Monosodium glutamate (MSG)

This product is used extensively in many parts of the world in powder or crystal form as a flavouring agent in foods such as meats, vegetables, sauces and gravies. Cassava starch and molasses are the major raw materials used in the manufacture of MSG in the Far East and Latin American countries. The starch is usually hydrolyzed into glucose by boiling with hydrochloric or sulfuric acid solutions in closed converters under pressure. The glucose is filtered and converted into glutamic acid by bacterial fermentation. The resulting glutamic acid is refined, filtered and treated with caustic soda to produce monosodium glutamate, which is then centrifuged and dried in drum driers. The finished product is usually at least 99 percent pure.

The production of commercial caramel

Caramel as a colouring agent for food, confectionery and liquor is extensively made of glucose rather than sucrose because of its lower cost. If invert sugar, dextrose or glucose is heated alone, a material is formed that is used for flavouring purposes; but if heated in the presence of certain catalysts, the coloration is greatly heightened, and the darker brown products formed can be used to colour many foodstuffs and beverages.

Uniform and controlled heating with uniform agitation is necessary to carry the caramellization to the point where all the sugar has been destroyed without liberating the carbon.

THE GLUCOSE INDUSTRY

According to Whistler and Paschell, Abu Mansur, an Arabian teacher and pharmacologist, about 975 A.D. described the conversion of starch with saliva into an artificial honey. In 1811 Kirchoff discovered that sugar could be produced by the acid hydrolysis of starch. Glucose, or dextrose sugar, is found in nature in sweet fruits such as grapes and in honey. It is less sweet than sucrose (cane or beet sugar) and also less soluble in water; however, when used in combination with sucrose, the resulting sweetness is often greater than expected.

The commercial manufacture of glucose sugars from starch began during the Napoleonic Wars with England, when suppliers of sucrose sugar were cut off from France by sea blockade. Rapid progress was made in its production in the United States about the middle of the nineteenth century.

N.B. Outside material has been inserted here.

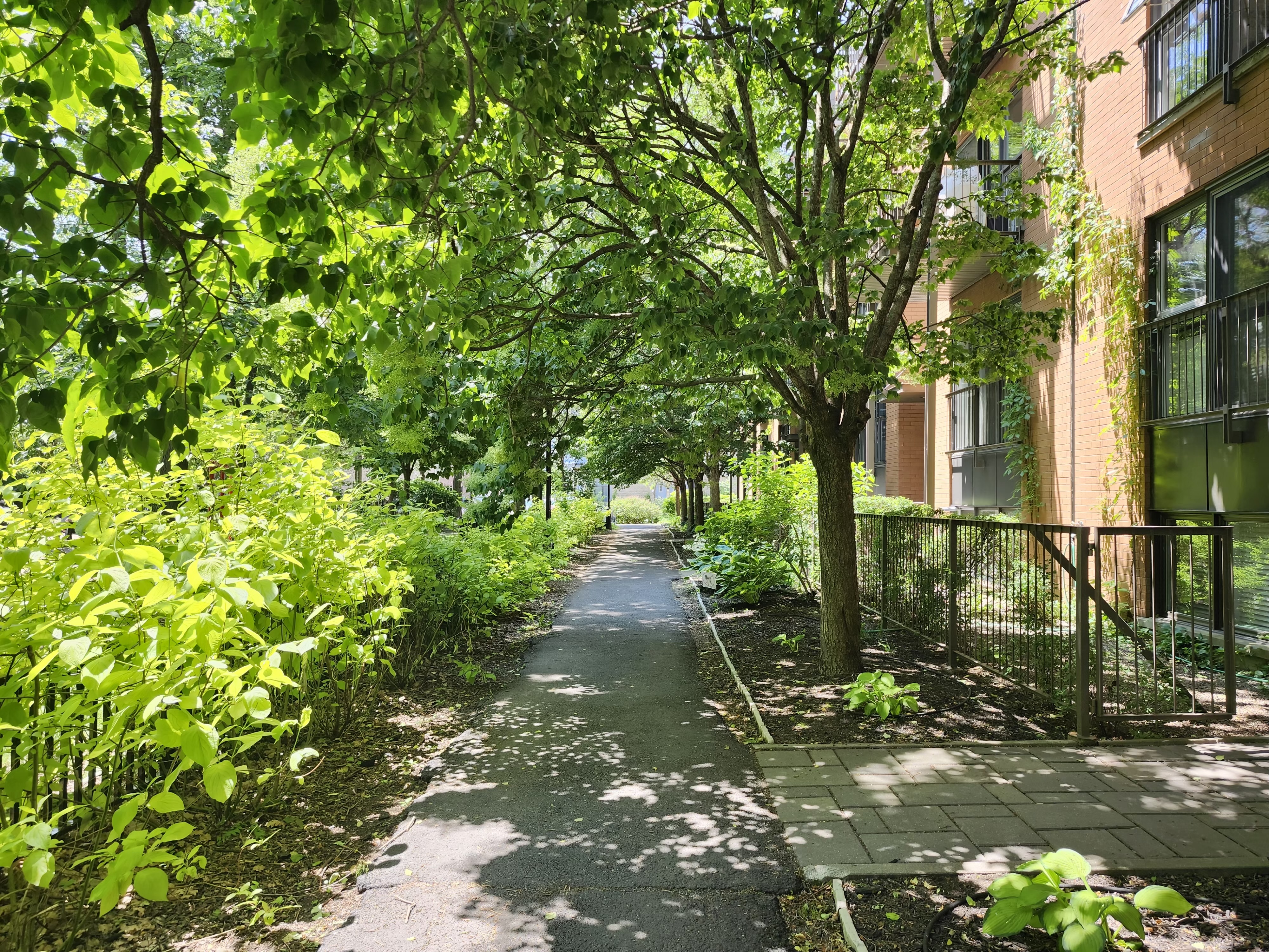 J’ai déjà mis des photos de cette allée piétonne dans l’axe Boucher/Fairmount, dans le Mile End, mais chaque année, la canopée est de plus en plus belle.
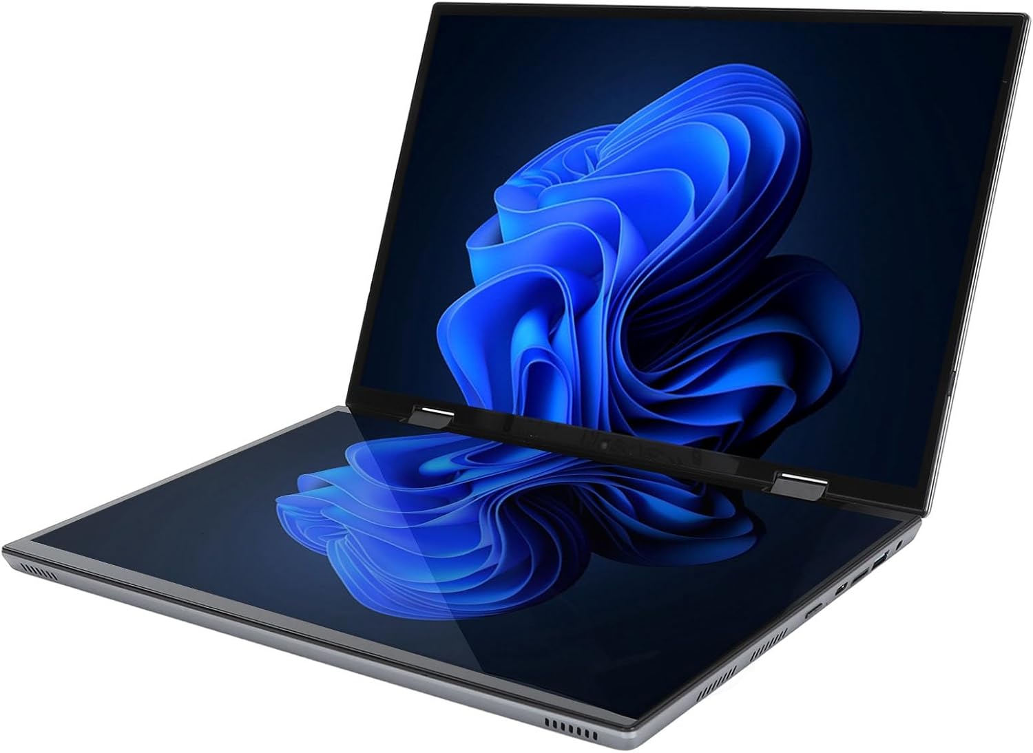 14inch Dual Screen Laptop, 2.2K HD Dual Touchscreen Notebook, 16GB 128GB SSD, Virtual Touch Keyboard, 360 Degree Flip and Fold, for Pro (UK Plug)

NUTRITIONAL VALUE OF COMPOSITE FLOURS

The nutritional value of bakery products made from composite flours was assessed in 1965 by the Central Institute for Nutrition and Food Research, (Utrecht, Zeist), where the nutritional value of cassava/soya bread and cassava/groundnut bread was compared with the protein quality of common wheat bread. It was concluded that the protein quality of both breads was higher than that of common wheat bread. The cassava/soya bread topped the other two breads in protein quality, while the cassava/groundnut bread was slightly superior to common wheat bread.

In 1969 at the Queen Elizabeth College, London, breads produced at the British Arkady Co. Ltd. were assessed. They were made from various composite flour mixtures consisting of wheat flour, cassava starch, soya flour, millet and sorghum flour and fish-protein concentrate in various proportions with mechanical leavening. Results indicated that the protein value of the original bread had not been impaired by supplementation, but showed improvement.

Prospects for commercial production and widespread consumption of bread made of composite flours in different countries will depend upon local acceptance (taste and characteristics of the bread) and the price at which the bread will be available to the public.

Food habits are primarily based on socioeconomic and other conditions rather than on scientific considerations. Changes in established habits can take place gradually through public education and the spread of knowledge.